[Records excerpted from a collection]
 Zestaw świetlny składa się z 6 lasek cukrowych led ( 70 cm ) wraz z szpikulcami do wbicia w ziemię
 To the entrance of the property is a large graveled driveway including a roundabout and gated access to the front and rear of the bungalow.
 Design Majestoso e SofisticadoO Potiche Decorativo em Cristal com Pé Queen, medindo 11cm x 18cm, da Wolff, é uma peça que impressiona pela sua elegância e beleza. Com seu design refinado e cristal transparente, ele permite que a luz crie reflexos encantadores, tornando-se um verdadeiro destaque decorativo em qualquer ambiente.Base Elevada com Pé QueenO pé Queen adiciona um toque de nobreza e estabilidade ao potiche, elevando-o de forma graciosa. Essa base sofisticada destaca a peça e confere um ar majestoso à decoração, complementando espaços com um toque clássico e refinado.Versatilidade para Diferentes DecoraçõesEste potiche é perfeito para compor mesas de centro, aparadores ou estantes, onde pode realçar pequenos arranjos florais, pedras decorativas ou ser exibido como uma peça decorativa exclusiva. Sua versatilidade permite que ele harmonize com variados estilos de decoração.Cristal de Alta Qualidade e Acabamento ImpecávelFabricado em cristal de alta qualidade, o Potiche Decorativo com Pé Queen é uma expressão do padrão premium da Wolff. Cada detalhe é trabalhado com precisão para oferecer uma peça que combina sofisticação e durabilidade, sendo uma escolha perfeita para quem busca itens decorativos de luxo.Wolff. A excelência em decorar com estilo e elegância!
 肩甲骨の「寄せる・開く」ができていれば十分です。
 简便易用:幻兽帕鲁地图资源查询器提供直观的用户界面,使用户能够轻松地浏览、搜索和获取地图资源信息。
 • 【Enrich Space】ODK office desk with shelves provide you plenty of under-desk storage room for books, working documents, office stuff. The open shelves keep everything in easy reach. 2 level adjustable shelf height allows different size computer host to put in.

▸ **TASK ITEM**
Reproduce every record above exactly as it appears.

▸ **RESULT OF THIS TASK**
 Zestaw świetlny składa się z 6 lasek cukrowych led ( 70 cm ) wraz z szpikulcami do wbicia w ziemię
 To the entrance of the property is a large graveled driveway including a roundabout and gated access to the front and rear of the bungalow.
 Design Majestoso e SofisticadoO Potiche Decorativo em Cristal com Pé Queen, medindo 11cm x 18cm, da Wolff, é uma peça que impressiona pela sua elegância e beleza. Com seu design refinado e cristal transparente, ele permite que a luz crie reflexos encantadores, tornando-se um verdadeiro destaque decorativo em qualquer ambiente.Base Elevada com Pé QueenO pé Queen adiciona um toque de nobreza e estabilidade ao potiche, elevando-o de forma graciosa. Essa base sofisticada destaca a peça e confere um ar majestoso à decoração, complementando espaços com um toque clássico e refinado.Versatilidade para Diferentes DecoraçõesEste potiche é perfeito para compor mesas de centro, aparadores ou estantes, onde pode realçar pequenos arranjos florais, pedras decorativas ou ser exibido como uma peça decorativa exclusiva. Sua versatilidade permite que ele harmonize com variados estilos de decoração.Cristal de Alta Qualidade e Acabamento ImpecávelFabricado em cristal de alta qualidade, o Potiche Decorativo com Pé Queen é uma expressão do padrão premium da Wolff. Cada detalhe é trabalhado com precisão para oferecer uma peça que combina sofisticação e durabilidade, sendo uma escolha perfeita para quem busca itens decorativos de luxo.Wolff. A excelência em decorar com estilo e elegância!
 肩甲骨の「寄せる・開く」ができていれば十分です。
 简便易用:幻兽帕鲁地图资源查询器提供直观的用户界面,使用户能够轻松地浏览、搜索和获取地图资源信息。
 • 【Enrich Space】ODK office desk with shelves provide you plenty of under-desk storage room for books, working documents, office stuff. The open shelves keep everything in easy reach. 2 level adjustable shelf height allows different size computer host to put in.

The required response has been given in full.